In processing (java dialect) there are the methods screenX, screenY (and screenZ but we skip that for now).

Let's say i have a object at xyz = 50, 100, 500. Then with screenX and screenY you can now where they will apear on the canvas.

float x = screenX(50, 100, 500); float y = screenY(50, 100, 500);

here is the reference: http://processing.org/reference/screenX_.html

What i'm interested in is like a inverse method. For example, i want a sphere to apear on the canvas on x=175 and y=100. The sphere should have a z of 700. Then what would the actual x and y position be at z=700 to make it apear on the canvas at 175,100?

So the method would be float unscreenX(float x, float y, float z) and it would return the x value.

My math / programming skills is not so advanced (let's call it bad) (i'm more a designer) so i'm looking for some help. I all ready asked at the processing board but often there are more people here with deeper knowledge about matrixes etc.

The normal screenX method from processing can be found here: https://github.com/processing/processing/blob/master/core/src/processing/opengl/PGraphicsOpenGL.java

public float screenX(float x, float y, float z) {
    return screenXImpl(x, y, z);
  }

protected float screenXImpl(float x, float y, float z) {
    float ax =
      modelview.m00*x + modelview.m01*y + modelview.m02*z + modelview.m03;
    float ay =
      modelview.m10*x + modelview.m11*y + modelview.m12*z + modelview.m13;
    float az =
      modelview.m20*x + modelview.m21*y + modelview.m22*z + modelview.m23;
    float aw =
      modelview.m30*x + modelview.m31*y + modelview.m32*z + modelview.m33;
    return screenXImpl(ax, ay, az, aw);
  }


  protected float screenXImpl(float x, float y, float z, float w) {
    float ox =
      projection.m00*x + projection.m01*y + projection.m02*z + projection.m03*w;
    float ow =
      projection.m30*x + projection.m31*y + projection.m32*z + projection.m33*w;

    if (nonZero(ow)) {
      ox /= ow;
    }
    float sx = width * (1 + ox) / 2.0f;
    return sx;
  }

Of corse there is also for the y and for the z (i don't understand the z but let's ignore that). I thought this might give some insight in how to inverse it.

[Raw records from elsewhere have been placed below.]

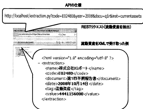
図 1: API の仕様

種別、抽出したい値の会計科目の REST リクエストを送信する。また、出力結果は XML 形式やテキストデータ、各種プログラミング言語で利用するためのオブジェクト形式で取得することができる。図 1 には、ある企業の流動資産の値を XML 形式で取得する例を示す。
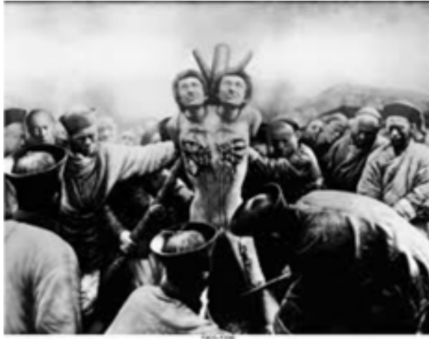
2 - Chen Chieh-Jen - Genealogy of self – 1996 Épreuve laser noir et blanc, 208x260 cm Courtesy galerie nationale du Jeu de Paume Collection de l'artiste
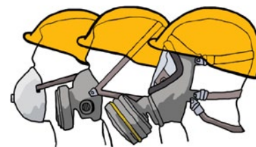
Rys. 3. Ochrony dróg oddechowych
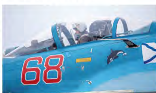
Ещё пару минут, и самолёт покажется на взлётную полосу.

- Но в любом случае, чтобы мы ни делали, всё выполняется с единой целью - получить допуск к несению боевого дежурства, чтобы личный состав полка был в полном объёме боеготов, способен выполнять задачи по
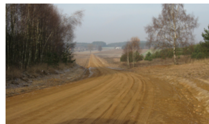
Droga Igręty - Wysokie Laski
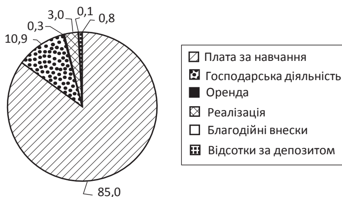
Рис. 2. Структура власних надходжень Вінницького торговельно-економічного інституту КНТЕУ у 2015 р., %
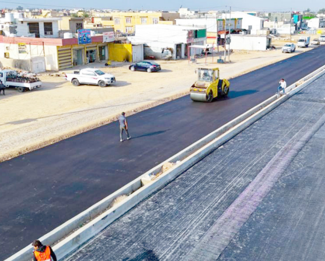
تبليط: عمال خلال تبليط الطريق الرئيسي الرابط بين تقاطع النهروان وطريق بغداد كوت

وأضاف البيان (ملاكات مديرية الطرق والجسور بأشرت بفرش طبقة الإسفلت البائسدر المدمعة بمادة الجيوكريد، بعد اكمال القالب الجانبي والصب الكونكريتي. ليكون الطريق بمسارين للذهاب والإياب). مبيناً ان (المشروع يتضمن مد أنابيب المياه وشبكات الكهرباء، فضلاً عن نصب منظومة إنارة حديثة والعلامات المرورية والكاميرات الجارية). وأكدت محافظة بغداد ان (الطريق يسهم في تخفيف الزحامات والحد من الحوادث المرورية. ماضية في تطوير الطرق الاستراتيجية المتقدمة. بما يواكب أحدث المعايير العمرانية والخدمية لخدمة أهالي
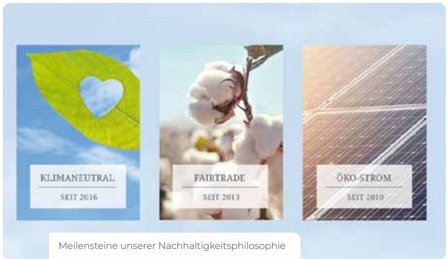
Meilensteine unserer Nachhaltigkeitsphilosophie

Modernisierung der Heizungsanlage bzgl. Energieeffizienz, Vermeidung von Wärmeverlust in Leitungssystemen.
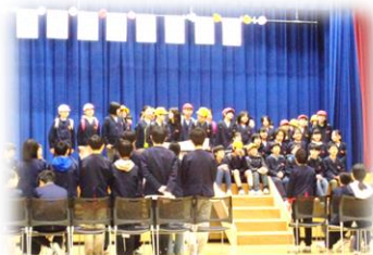
4年生：笑ってはいけない ショートコント
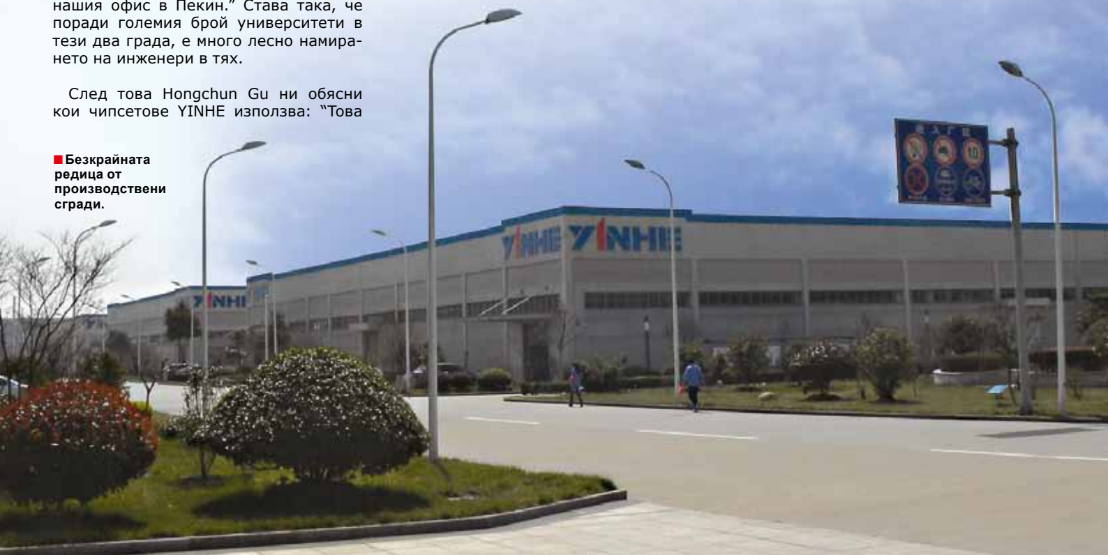
■ Безкрайната редица от производствени сгради.

Това е доста впечатляващ списък, но той не свършва до тук. Досега бяха споменати само сателитни приемници, но YINHE планира също и производството на ефирни. "Току що пуснахме на пазара DVB-T MPEG-4 PVR приемник с HD и двоен тунер", разкри за нас
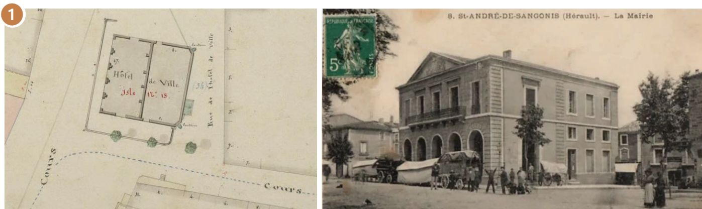
Ci-dessus : à gauche, extrait du plan d'alignements de 1856-1865 (AD34) sur lequel apparaît l'hôtel de ville nouvellement construit.

pour la réalisation d'un bâtiment regroupant plusieurs fonctions : halle de commerce et école au rdc, mairie à l'étage (logement de l'instituteur ?). D'autres travaux interviennent en 1888 (couvrement de la halle par un plancher métallique) mais l'ensemble garde une architecture cohérente qui fait écho à un type de réalisation répandu au XIX e s. (dans la région, voir la mairie-halle de St Laurent d'Aigouze par exemple).
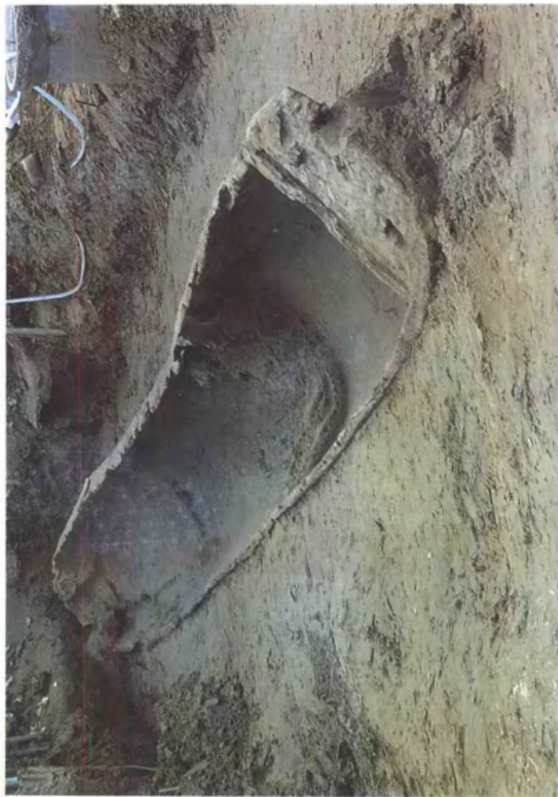
彩版一 淮北市濉溪县柳孜隋唐大运河遗址出土的唐代独木舟(长 10.6 米)
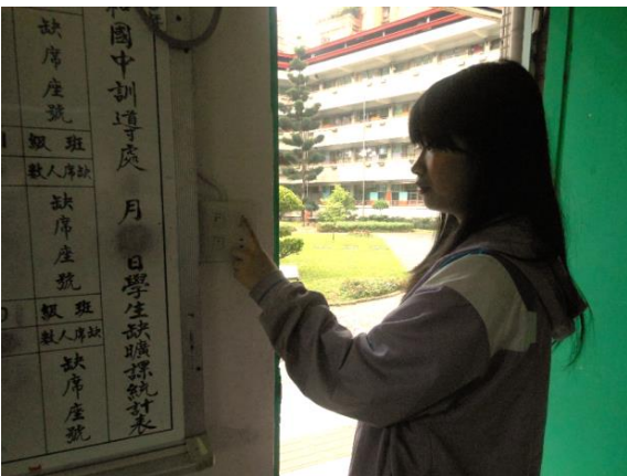
照片說明：節電行為-實施午間關燈
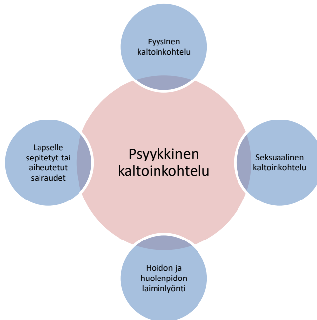
Kuva 1. Kaltoinkohtelun muodot.

On tärkeää huomioida, että väkivallan ilmapiirissä eläminen sekä vanhempien välisen väkivallan näkeminen ovat myös lapsen kaltoinkohtelua. Kaltoinkohtelu voi siis olla myös epäsuoraa, jolloin se kohdistuu lapseen välillisesti. Kaikki kaltoinkohtelun muodot ovat lapselle haitallisia sekä lyhyellä että pitkällä aikavälillä. Kaltoinkohtelu on merkittävin ACE-ilmiöön (Adverse Childhood Experiences) sisältyvä tekijä, joka saa aikaan lapsen elimistöön kroonisen tai toksisen stressitilan. Sen seurauksena lapselle saattaa aiheutua kasvu- ja kehityshäiriöitä, sairauksia ja muutoksia käyttäytymisessä sekä vaikutuksia myös aivojen kehitykseen ja toimintaan. (Hotus-hoitosuositus 2022, 6–7.)
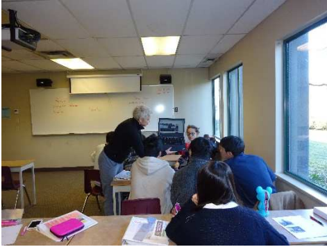
先生も画像を見せて、丁寧に教えてくれます。
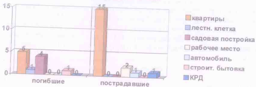
Количество погибших и пострадавших по местам за 12 месяцев 2015 года

* в скобках указано сравнение с аналогичным периодом 2014 года.
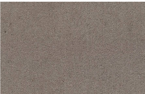
CELESTE 261 BEIGE 1
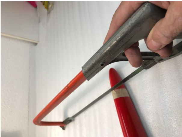
Beschnitt der Nase (60mm von Spitze)

Auch wenn's wehtut – jetzt muss die Nase weg. Wie das geht, hier die Bilder. Also: genaue Position festlegen (in meinem Fall 60 mm von Rumpfspitze aus), mit Abdeckband fixieren und dann beide Rohre (Innenrohr und Überrohr) miteinander kürzen.
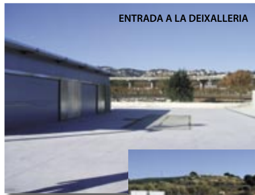
ON S'UBICARAN ELS CONTENIDORS
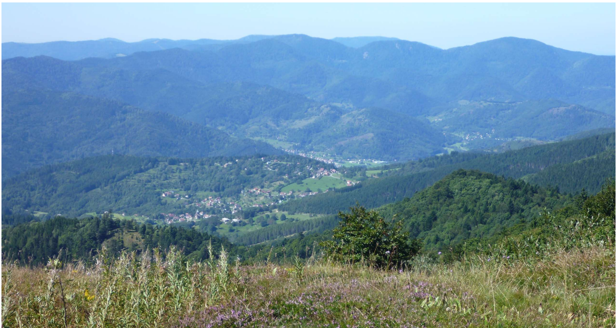
Les villages de la vallée de la Thur dans leur écrin paysager, vus de la route des crêtes (68).
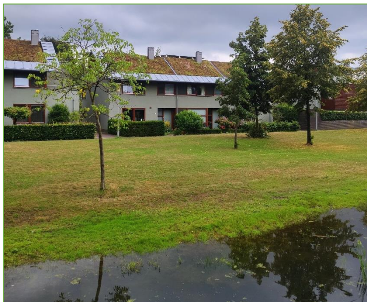
Natuurinclusief bouwen in Nieuw Monnikenhuizen, Arnhem
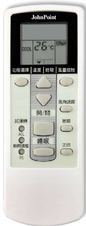
遙控器 尺寸 150 x 56 x 18 mm
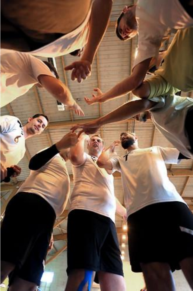
Huddle finale de coupe de France de Handball Sourd, Club de Limoges, 2019
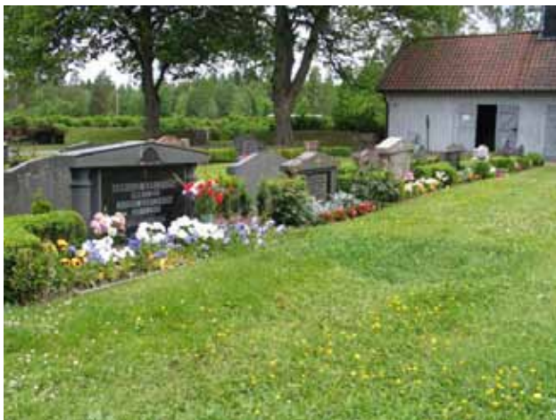
Gravvårdar med klassicistiska drag, kvarter F. (KI Kristvalla kyrkog 046)

Kvarteren F och K hör till de moderna kvarter som tillförts kyrkogården under 1900-talet. Kvarter J är ett äldre kvarter som under 1900-talet genomgått en omläggning. Flera av gravplatserna i kvarter F och J har tidigare varit belagda med grus och omgärdade. Idag vittnar de bevarade resterna av buxbomshäckar om detta. Denna form av gravutsmyckning var tidigare vanlig på våra svenska kyrkogårdar. De kvarvarande buxbomshäckarna bör därför vårdas som viktiga ledtrådar till kyrkogårdens historia. För samtliga kvarter är det viktigt att ta tillvara på kvarterens särdrag i det fortsatt bruket av områdena. Flera av gravvårdarna har såväl personhistoriska som lokalhistoriska värden. Enstaka gravvårdar har också hantverksmässiga värden. Det gäller främst de äldre gravvårdarna i kvarter J. De båda gjutjärnskorsen ska införas på församlingens inventarieförteckning och vårdas av församlingen. Detta gäller även de gravvårdar som är från mitten av 1800-talet.
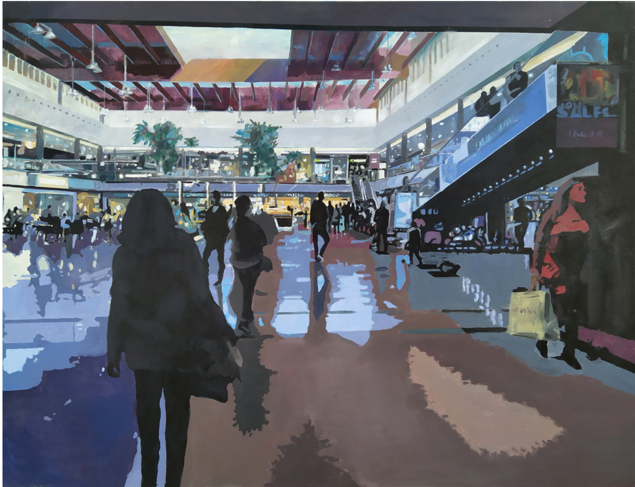
Rafael Cerdá Martínez Centro comercial. Acrílico sobre lienzo, 114 x 146 cm.
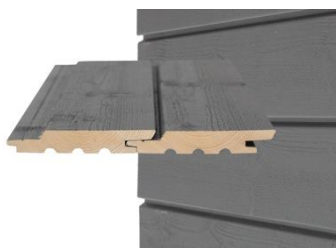
GOLD PRO UTW Vaakapanelointi
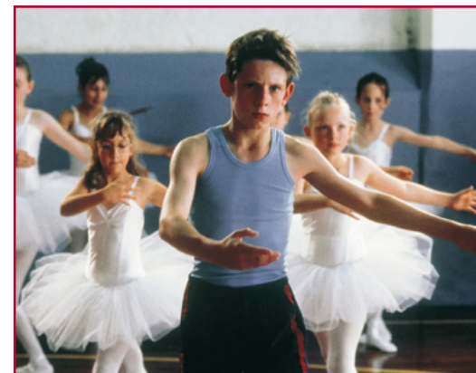
Billy Elliot de Stephen Daldry
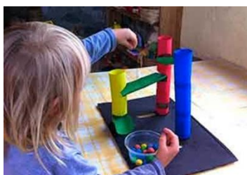
Laberinto de bolitas 3D

modelview and projection is a 3d matrix, the code is here: https://github.com/processing/processing/blob/master/core/src/processing/core/PMatrix3D.java But i guess it's pretty basic and common.

I also made a post on the processing board since you never know. It explains a litle bit different what i want. http://forum.processing.org/topic/unscreenx-and-unscreeny

For the tags describing this post, i didn't went to specific cause i can imagine a programmer who never worked with java but did work with c++ for example and has experience in matrixes is still able to provide a good answer.

hope someone can help.

like image 693
clankill3r Avatar asked Oct 21 '22 08:10

clankill3r


1 Answers

I highly recommend you study some linear algebra or matrix math for 3d graphics. It's fun and easy, but a bit longer than a SO answer. I'll try though :) Disclaimer: I have no idea about the API you are using!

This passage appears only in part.